CHICAGO — CPS has announced a plan for Dyett, but not the one fought for by the hunger striking community members. Dyett, according to CPS CEO Forrest Claypool, would open once more as a neighborhood public school but, rather than being global leadership and green technology oriented, would be focused in the arts. The school will house 550 students and first dibs on enrollment will go to children from the neighborhood.
Some saw this as a partial victory, but hunger strikers are not satisfied and say the plan was awarded to entities from outside the community who have been uninvolved with the process. Indeed, the plan announced by Claypool was not one of the three competing proposals announced in December, violating CPS’s own guidelines.
Community members on the south side of Chicago have been engaged in a hunger strike since August 17th in an attempt to save from closure and re-vitalize Walter H. Dyett High School in the neighborhood of Bronzeville. People’s World spoke to a few of the strikers and supporters on the 16th day of the action.
Jitu Brown, National Director, Journey for Justice Alliance and one of the hunger strikers, says he and his fellow community activists have been trying to give Chicago Public Schools (CPS) a “vision for a K through 12 education in this neighborhood since 2009”. In response to what they see as misdirection and stonewalling from officials, this group of parents, teachers and community members developed a plan for what they call the Dyett Global Leadership and Green Technology High School going as far as getting the support of 7 feeder schools to develop curriculum alignment that prepares elementary students for a course of study in green technology.
“Green technology is one of the fastest growing industries in the world and we think it’s important for children of color to see themselves as global citizens rather than minorities. We want our students to be community-centered scholars”.
As the hunger strikers demand answers and action from CPS their health, predictably, begins to waver. As of our conversation, 3 activists had been rushed to the hospital including one from a city budget meeting where Mayor Rahm Emanuel was in attendance.

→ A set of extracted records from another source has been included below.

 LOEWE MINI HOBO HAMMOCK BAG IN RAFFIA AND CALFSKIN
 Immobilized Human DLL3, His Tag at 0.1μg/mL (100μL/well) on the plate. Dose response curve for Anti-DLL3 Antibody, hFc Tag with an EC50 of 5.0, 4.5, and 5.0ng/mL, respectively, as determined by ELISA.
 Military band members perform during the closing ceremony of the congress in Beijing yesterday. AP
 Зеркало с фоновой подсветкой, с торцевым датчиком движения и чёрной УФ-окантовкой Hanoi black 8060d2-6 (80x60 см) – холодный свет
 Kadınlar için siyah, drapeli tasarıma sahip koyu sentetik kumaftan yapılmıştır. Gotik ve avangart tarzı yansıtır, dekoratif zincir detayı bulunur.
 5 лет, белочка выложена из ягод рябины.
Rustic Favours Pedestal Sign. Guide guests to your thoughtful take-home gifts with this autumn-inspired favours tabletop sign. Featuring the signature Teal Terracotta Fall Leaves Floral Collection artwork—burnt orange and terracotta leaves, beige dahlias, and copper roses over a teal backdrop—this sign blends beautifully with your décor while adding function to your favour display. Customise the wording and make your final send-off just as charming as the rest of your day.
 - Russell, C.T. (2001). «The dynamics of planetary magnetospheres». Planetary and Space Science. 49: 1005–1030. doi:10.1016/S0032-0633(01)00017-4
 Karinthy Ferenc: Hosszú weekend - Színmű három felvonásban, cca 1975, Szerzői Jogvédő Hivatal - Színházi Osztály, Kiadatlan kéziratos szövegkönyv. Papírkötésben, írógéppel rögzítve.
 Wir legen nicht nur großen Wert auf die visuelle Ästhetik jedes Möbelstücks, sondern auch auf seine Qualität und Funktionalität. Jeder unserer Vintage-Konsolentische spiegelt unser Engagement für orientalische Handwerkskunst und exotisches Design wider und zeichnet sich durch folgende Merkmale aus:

“We are weakened physically, but spiritually we’re strong. We’re together. We’re not trying to run a charter school… We want CPS to do their job. We want them to care about children on 42nd street the same way they care about children in Rogers Park,” says Brown, referencing the cities discrepancy in treatment between schools on the south side schools and north side.
As I conducted the interview, a school bus filled with children waved and cheered on the strikers. The children’s support brought smiles to the faces of the strikers who sat in lawn chairs in a circle just outside Dyett hardly moving due to their weakened states.
There have been many instances of city officials reaching out to the Dyett hunger strikers since their fast began, but none satisfactory enough to warrant a meal. The Mayor’s Deputy Chief of Staff visited them just days prior, and they had met with the Mayor himself and CPS CEO Forrest Claypool the night before our interview. The meeting was described as “cordial”, but was firm.
“Forrest Claypool is very skilled at talking to people in a way that makes you think he’s hearing you, but we’re not new at this”.
Jeanette Taylor-Ramann was one the hunger strikers who has visited the hospital since the fast, falling during the CPS board meeting a few days ago. Her doctors have recommended that she break the hunger strike, but she’s standing firm with her fellow activists.
Taylor-Ramann is a member of the local school council at Mileson Elementary and has for 21-years since she was 19, “This is not a disengaged parent, this isn’t parent who doesn’t know any better, and this is not a parent who doesn’t care about what happens to young people”.
Her daughter is in 8th grade and she says that she’ll have to travel 16 miles to the next neighborhood public school if they do not win. “That’s a district that doesn’t value black and brown low-income families”.
“No education, no life. That’s what it is for our young people. Chicago wouldn’t have the highest murder rate in the U.S. if our young people were educated and invested in. This is a pure case of them [CPS] building a new Chicago that is not for black and brown young people”.
Community solidarity is key to their victory and a broader movement is forming. A bus of dozens of Chicago Teacher’s Union members and retirees unloaded to give the hunger strikers words of support. They had been travelling around the city visiting state, federal, and officials’ offices and hopefully changing minds on behalf of those who’ve put their bodies on the line.
Brandon Johnson, political director of CTU told the People’s World that they delivered “a very clear messaged to officials that this decision needs to be made now and that this hunger strike has gone on past the point of real danger”. The majority of the officials are reported to have “held the line” and are supportive of “the process”, a process which Johnson, the strikers, and their supporters don’t believe really exists.
“There’s no debate any longer that the political dynamics around education are at a very heightened level. The way it works here is that there are organizations with relationships with officials that get moved to the front of the line and ultimately make a profit off the backs of poor people, black people in particular. It’s another form of patronage”.
Since People’s World interviewed those involved, the fight has seemed to reach a tense new stage. The day after, Wednesday, hunger strikers rushed the stage at a Chicago budget meeting forcing Rahm Emanuel to be hustled out of the building by his security. Thursday, the same day as CPS’s announcement, 16 strikers and supporters received tickets for blocking elevator doors at City Hall.
The hunger strike will continue, according to the activists, until CPS takes up the community’s will.
People’s World will bring you more on this story as it develops.